Lopez is averaging 6.3 three-point attempts per game (more than double his two-point attempts at 2.9 per game) and is hitting at a 38.6 percent clip. Thon Maker is also taking more threes (2.3) than twos (1.7), and even John Henson has expanded his range to the three-point line this season, averaging 1.9 attempts from distance and hitting 38.5 percent of those in an admittedly small sample size. What that means is Antetokounmpo suddenly has significantly more room to operate one-on-one, either facing up or backing a defender down, because opposing big men have to respect the Bucks’ centers standing beyond the three-point line.

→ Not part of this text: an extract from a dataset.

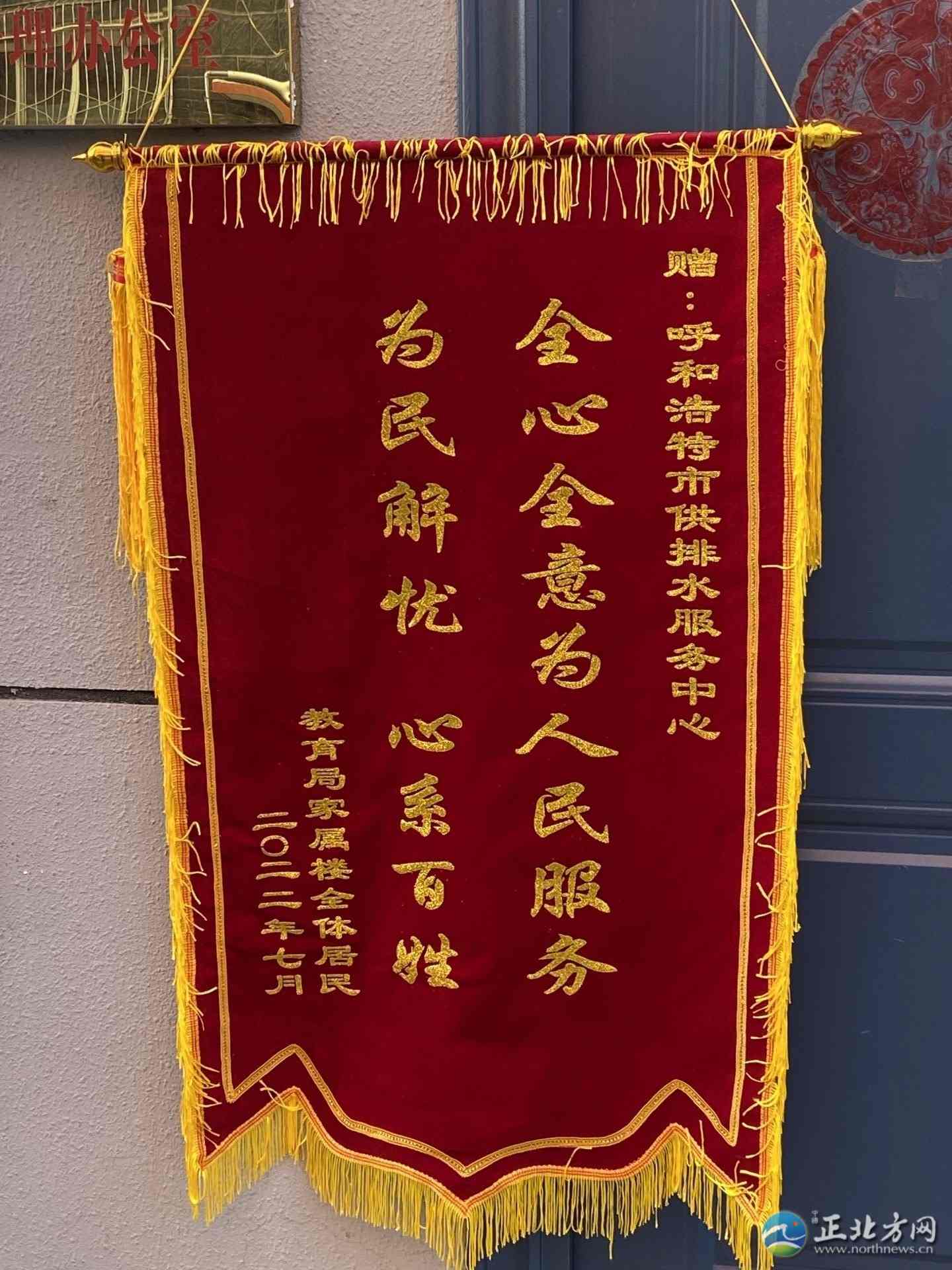 隨后,記者又來到新城區(qū)教育局宿舍樓,該小區(qū)已經(jīng)改造完畢,居民們已經(jīng)能正常用水了。為了表示感謝,小區(qū)全體居民特地制作了一面錦旗,派居民代表送到呼和浩特市供排水服務中心。

Against the Magic, the conundrum facing Bucks opponents was apparent as on multiple occasions. The help defense arrived late, leaving Aaron Gordon on Giannis Island to get cooked. On this particular play, Antetokounmpo brings the ball up with all four other Bucks spacing the floor at the three-point line, allowing Giannis to turn down a screen and drive by Gordon for a dunk. Mo Bamba was afraid to leave Lopez in the corner, causing him to rotate late when Antetokounmpo was already taking off.


When that defender does collapse on Giannis drives, the Bucks star has been great at finding the open man in the corner to bury a triple, like here when three Timberwolves defenders tried to meet him at the rim.

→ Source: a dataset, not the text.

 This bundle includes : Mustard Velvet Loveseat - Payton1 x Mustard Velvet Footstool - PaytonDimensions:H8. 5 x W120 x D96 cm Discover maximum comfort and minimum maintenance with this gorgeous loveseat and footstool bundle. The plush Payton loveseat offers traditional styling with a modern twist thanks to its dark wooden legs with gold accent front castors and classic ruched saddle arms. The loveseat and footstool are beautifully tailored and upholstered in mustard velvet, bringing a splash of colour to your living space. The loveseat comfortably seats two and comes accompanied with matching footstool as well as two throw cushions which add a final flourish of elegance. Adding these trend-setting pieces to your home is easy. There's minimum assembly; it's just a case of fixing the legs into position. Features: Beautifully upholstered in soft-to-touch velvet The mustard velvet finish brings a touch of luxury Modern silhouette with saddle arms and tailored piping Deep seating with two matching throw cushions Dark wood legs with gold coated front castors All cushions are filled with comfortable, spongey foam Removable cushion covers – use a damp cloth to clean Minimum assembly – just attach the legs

The Bucks didn’t make a ton of splashy moves this summer, but they acquired big men that can space the floor in Lopez and Ersan Ilyasova, essentially allowing them to play four-out with Giannis and the point guards attacking the paint to take advantage of that space. That point guard position was a question for Milwaukee entering the season given the poor playoff performance of Eric Bledsoe, but he’s been rejuvenated by the new offense and looks like the player the Clippers and Suns hoped he could become, operating as the Bucks’ primary facilitator with 6.9 assists per game and taking advantage of that spacing to score at the rim.

Beyond Giannis, there might not be a player that looks better in the Bucks’ new offense than Khris Middleton, who is shooting 54.9 percent from three on 7.3 attempts per game. Middleton made a major leap last year into being a legit secondary star alongside Antetokounmpo, but the added spacing and weapons around him have opened up his game even more.

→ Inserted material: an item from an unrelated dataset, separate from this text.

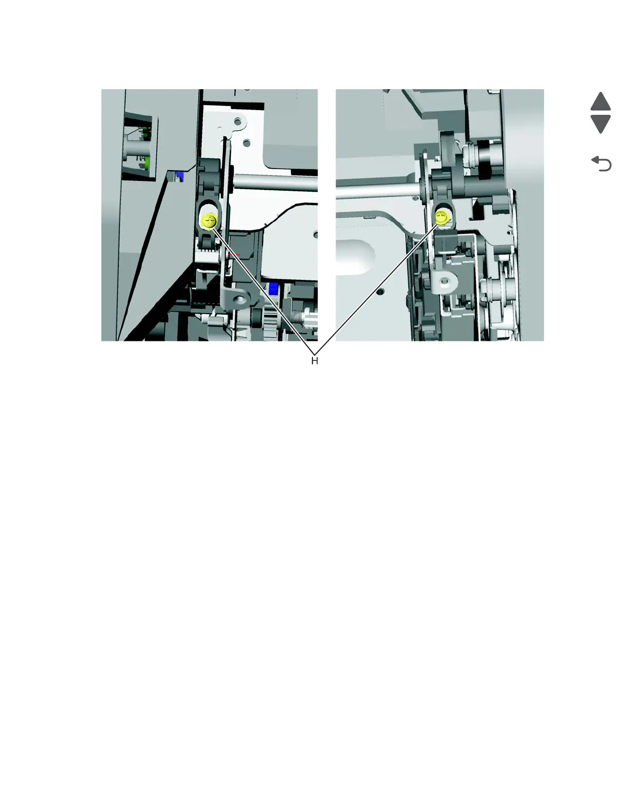5. Rotate the camshaft using the camshaft actuator handle, and replace the two screws (H).

Middleton’s shot attempts overall are down from last year because the shot distribution is more even in Milwaukee, but his efficiency is way up and the counting stats are all just a tick higher than a year ago despite 2.5 fewer attempts per game and a slightly lower usage. Middleton is the yin to Antetokounmpo’s yang, and in a new three-point happy system, he’s flourishing.

The Bucks will undoubtedly go through some rough patches this season, because every team in the league that’s not the Warriors will, but the foundation that’s been laid already has been wildly impressive. The Bucks are operating like the best version of Budenholzer’s Hawks teams, namely the 2014-15 group that won 60 games and the top seed in the East.

That Atlanta team got swept by LeBron James and the Cavs, but this Bucks squad has something those Hawks never did: the best player in the East. That used to be LeBron, which is why the Hawks never could even come close to toppling the Cavs with their ball movement and shot-making. In the playoffs, that can dry up and you need someone that can take the ball and get a bucket. With all due respect to Jeff Teague, Al Horford, and Paul Millsap, Budenholzer’s never had that.

With Antetokounmpo, he does, and that makes this Bucks team terrifying. They execute Bud’s offensive vision tremendously already, but when push comes to shove, they can just let Giannis do what Giannis does. That’s always been something Milwaukee could toss out, but in the past, that’s been their first, second, and third option.

Now, the team can balance between playing gorgeous team ball and letting a superstar be a superstar, and it’s what makes the Bucks a legitimate threat in the East this year.